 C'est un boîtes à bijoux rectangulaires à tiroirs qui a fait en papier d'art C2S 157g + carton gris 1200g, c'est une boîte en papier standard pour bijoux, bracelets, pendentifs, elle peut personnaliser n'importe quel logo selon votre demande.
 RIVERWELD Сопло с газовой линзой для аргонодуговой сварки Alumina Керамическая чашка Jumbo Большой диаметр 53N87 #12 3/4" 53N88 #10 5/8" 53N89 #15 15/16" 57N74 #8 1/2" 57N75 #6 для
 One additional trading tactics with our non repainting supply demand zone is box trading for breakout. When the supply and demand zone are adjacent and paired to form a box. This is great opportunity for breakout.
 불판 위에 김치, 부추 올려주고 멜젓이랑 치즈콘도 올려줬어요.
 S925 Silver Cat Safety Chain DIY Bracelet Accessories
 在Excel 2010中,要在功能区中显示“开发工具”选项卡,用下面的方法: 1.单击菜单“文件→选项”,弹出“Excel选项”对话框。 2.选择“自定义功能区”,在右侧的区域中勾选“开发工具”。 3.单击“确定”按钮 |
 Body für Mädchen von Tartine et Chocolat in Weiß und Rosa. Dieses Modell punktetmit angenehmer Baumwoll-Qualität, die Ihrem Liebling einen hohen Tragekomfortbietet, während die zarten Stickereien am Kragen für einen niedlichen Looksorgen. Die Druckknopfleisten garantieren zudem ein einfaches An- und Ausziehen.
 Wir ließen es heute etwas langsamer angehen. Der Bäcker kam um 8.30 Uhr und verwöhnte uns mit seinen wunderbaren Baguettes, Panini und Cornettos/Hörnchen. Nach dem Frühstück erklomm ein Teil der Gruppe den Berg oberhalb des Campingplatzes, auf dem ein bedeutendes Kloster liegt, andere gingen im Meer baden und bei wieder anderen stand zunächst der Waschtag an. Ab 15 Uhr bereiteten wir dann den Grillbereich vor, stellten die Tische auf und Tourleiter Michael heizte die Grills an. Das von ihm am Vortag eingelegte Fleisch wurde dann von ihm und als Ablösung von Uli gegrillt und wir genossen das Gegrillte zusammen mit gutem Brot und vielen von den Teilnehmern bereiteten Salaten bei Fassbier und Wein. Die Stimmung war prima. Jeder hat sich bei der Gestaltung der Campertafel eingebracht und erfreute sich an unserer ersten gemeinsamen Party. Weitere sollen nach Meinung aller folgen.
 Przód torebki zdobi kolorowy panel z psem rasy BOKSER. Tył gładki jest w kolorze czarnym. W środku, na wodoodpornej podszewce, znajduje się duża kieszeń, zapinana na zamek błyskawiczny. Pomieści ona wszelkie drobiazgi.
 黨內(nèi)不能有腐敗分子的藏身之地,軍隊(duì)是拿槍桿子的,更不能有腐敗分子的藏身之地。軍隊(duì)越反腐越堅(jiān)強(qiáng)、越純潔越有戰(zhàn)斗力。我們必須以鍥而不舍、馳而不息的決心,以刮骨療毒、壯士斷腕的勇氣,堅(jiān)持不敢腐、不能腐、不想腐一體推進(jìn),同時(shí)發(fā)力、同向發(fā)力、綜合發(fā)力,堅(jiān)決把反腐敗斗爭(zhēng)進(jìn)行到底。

━━━

> [Task]: Restate every entry above word for word.

> [Answer to this exercise]:
 C'est un boîtes à bijoux rectangulaires à tiroirs qui a fait en papier d'art C2S 157g + carton gris 1200g, c'est une boîte en papier standard pour bijoux, bracelets, pendentifs, elle peut personnaliser n'importe quel logo selon votre demande.
 RIVERWELD Сопло с газовой линзой для аргонодуговой сварки Alumina Керамическая чашка Jumbo Большой диаметр 53N87 #12 3/4" 53N88 #10 5/8" 53N89 #15 15/16" 57N74 #8 1/2" 57N75 #6 для
 One additional trading tactics with our non repainting supply demand zone is box trading for breakout. When the supply and demand zone are adjacent and paired to form a box. This is great opportunity for breakout.
 불판 위에 김치, 부추 올려주고 멜젓이랑 치즈콘도 올려줬어요.
 S925 Silver Cat Safety Chain DIY Bracelet Accessories
 在Excel 2010中,要在功能区中显示“开发工具”选项卡,用下面的方法: 1.单击菜单“文件→选项”,弹出“Excel选项”对话框。 2.选择“自定义功能区”,在右侧的区域中勾选“开发工具”。 3.单击“确定”按钮 |
 Body für Mädchen von Tartine et Chocolat in Weiß und Rosa. Dieses Modell punktetmit angenehmer Baumwoll-Qualität, die Ihrem Liebling einen hohen Tragekomfortbietet, während die zarten Stickereien am Kragen für einen niedlichen Looksorgen. Die Druckknopfleisten garantieren zudem ein einfaches An- und Ausziehen.
 Wir ließen es heute etwas langsamer angehen. Der Bäcker kam um 8.30 Uhr und verwöhnte uns mit seinen wunderbaren Baguettes, Panini und Cornettos/Hörnchen. Nach dem Frühstück erklomm ein Teil der Gruppe den Berg oberhalb des Campingplatzes, auf dem ein bedeutendes Kloster liegt, andere gingen im Meer baden und bei wieder anderen stand zunächst der Waschtag an. Ab 15 Uhr bereiteten wir dann den Grillbereich vor, stellten die Tische auf und Tourleiter Michael heizte die Grills an. Das von ihm am Vortag eingelegte Fleisch wurde dann von ihm und als Ablösung von Uli gegrillt und wir genossen das Gegrillte zusammen mit gutem Brot und vielen von den Teilnehmern bereiteten Salaten bei Fassbier und Wein. Die Stimmung war prima. Jeder hat sich bei der Gestaltung der Campertafel eingebracht und erfreute sich an unserer ersten gemeinsamen Party. Weitere sollen nach Meinung aller folgen.
 Przód torebki zdobi kolorowy panel z psem rasy BOKSER. Tył gładki jest w kolorze czarnym. W środku, na wodoodpornej podszewce, znajduje się duża kieszeń, zapinana na zamek błyskawiczny. Pomieści ona wszelkie drobiazgi.
 黨內(nèi)不能有腐敗分子的藏身之地,軍隊(duì)是拿槍桿子的,更不能有腐敗分子的藏身之地。軍隊(duì)越反腐越堅(jiān)強(qiáng)、越純潔越有戰(zhàn)斗力。我們必須以鍥而不舍、馳而不息的決心,以刮骨療毒、壯士斷腕的勇氣,堅(jiān)持不敢腐、不能腐、不想腐一體推進(jìn),同時(shí)發(fā)力、同向發(fā)力、綜合發(fā)力,堅(jiān)決把反腐敗斗爭(zhēng)進(jìn)行到底。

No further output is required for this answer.